Minutes later, an MPD squad car turned onto 12th and cruised slowly by Lucas. Lucas did not stiffen, nor did he eye the officer behind the wheel of the car beyond taking mental note of the driver’s race (black), general age (on the young side), and gender (male). Lucas was not breaking any law, but he was not looking for any unnecessary confrontation. The car, affixed with 4D stickers, kept on going, and at the end of 12th the driver turned right on Euclid. Something flickered faintly in Lucas’s mind as the car disappeared from view.

The street settled back to quiet. The sun moved west.

Teenage kids began to appear later in the afternoon. Those who had been visited by a guest speaker that day wore street clothes, as they were allowed to do, but most wore white or purple polo shirts with khakis, the school’s uniform. Though there were many white residents in this neighborhood now, the kids coming from the schools were African American, African immigrant, and Hispanic, with a few Vietnamese and Chinese in the mix. The air was filled with their conversations: loud, boisterous, and laced with profanity. Even as they moved in groups of two or three, they occasionally stared at the phones in their hands and texted as they walked.

A young man walked alone down 12th. Lucas studied him in the side-view: sixteen, seventeen, on the tall side, very thin, dark skin, and braids that touched his shoulders. He was wearing purple over khaki. His lips were moving. He was talking to himself.

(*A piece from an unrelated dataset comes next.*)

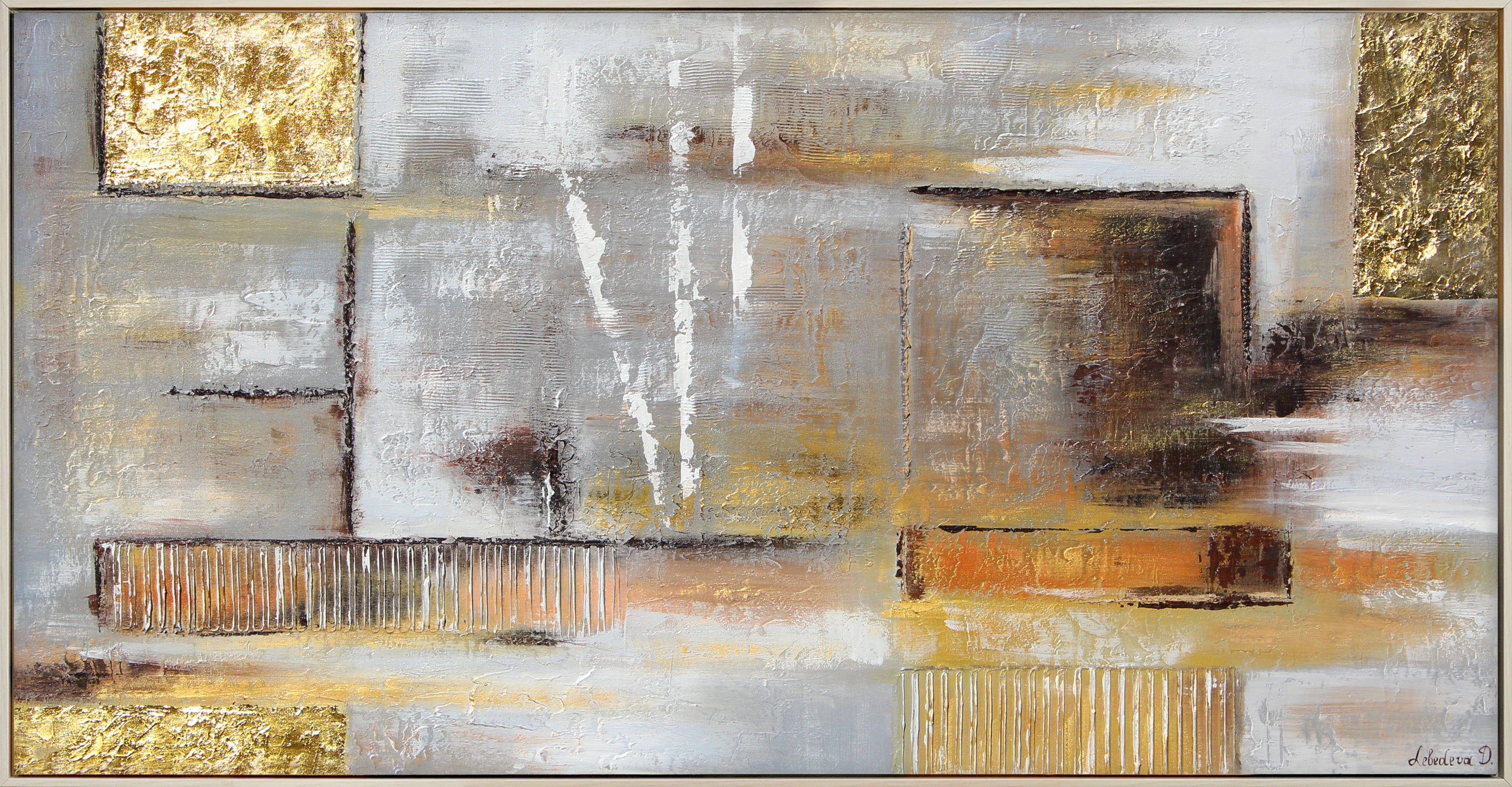 Das Leinwandbild „Goldene Abstraktion“ zeigt eine abstrakte Komposition in Acryl mit fein abgestimmten Grautönen und eleganten Goldakzenten. Die strukturierte Oberfläche verleiht dem Bild Tiefe und Lebendigkeit, die das Bild zu einem stilvollen Blickfang macht. Durch die warme Farbpalette fügt sich das Bild harmonisch in moderne Wohn- und Arbeitsbereiche ein.

Lucas watched him turn up the steps of a house on the odd-numbered, west side of the street, the row house that was left-connected to the house of Lisa Weitzman, where the package had disappeared. Lucas checked his notebook quickly and stepped out of his Jeep. He jogged across the street as the young man neared his porch.

“Hey, Lindsay,” said Lucas, using the last name of the home’s owner, a woman named Karen Lindsay.

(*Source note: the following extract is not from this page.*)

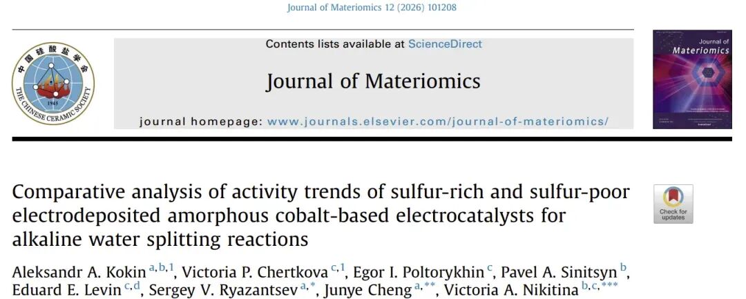 近日,深圳北理莫斯科大学材料科学系副教授程俊业团队与副教授Sergey V. Ryazantsev团队在能源材料领域取得新进展,相关成果分别发表于国际知名学术期刊Journal of Materiomics和Energy & Environmental Materials。两项成果均聚焦电化学能源材料中的关键科学问题,分别围绕碱性电解水催化剂的组成—结构—性能关系,以及高熵氧化物在锂硫电池中的应用前景展开,体现了双方团队在能源催化与储能材料方向的持续积累和国际合作优势。

The young man stopped and turned. “Yeah?”

“You got a minute?”

The boy studied Lucas-his age, his build, his utilitarian clothing-and then he looked down the block toward his high school. Lucas’s eyes naturally followed. Back on Clifton there remained many students, hanging out in groups, walking slowly; uniformed police officers standing on the sidewalk, verbally moving the students along; an occupied squad car parked nose-east on the street.

“I just have a quick question for you,” said Lucas, turning his attention back to the Lindsay boy.

“No,” said Lindsay, moving quickly again, going up the steps.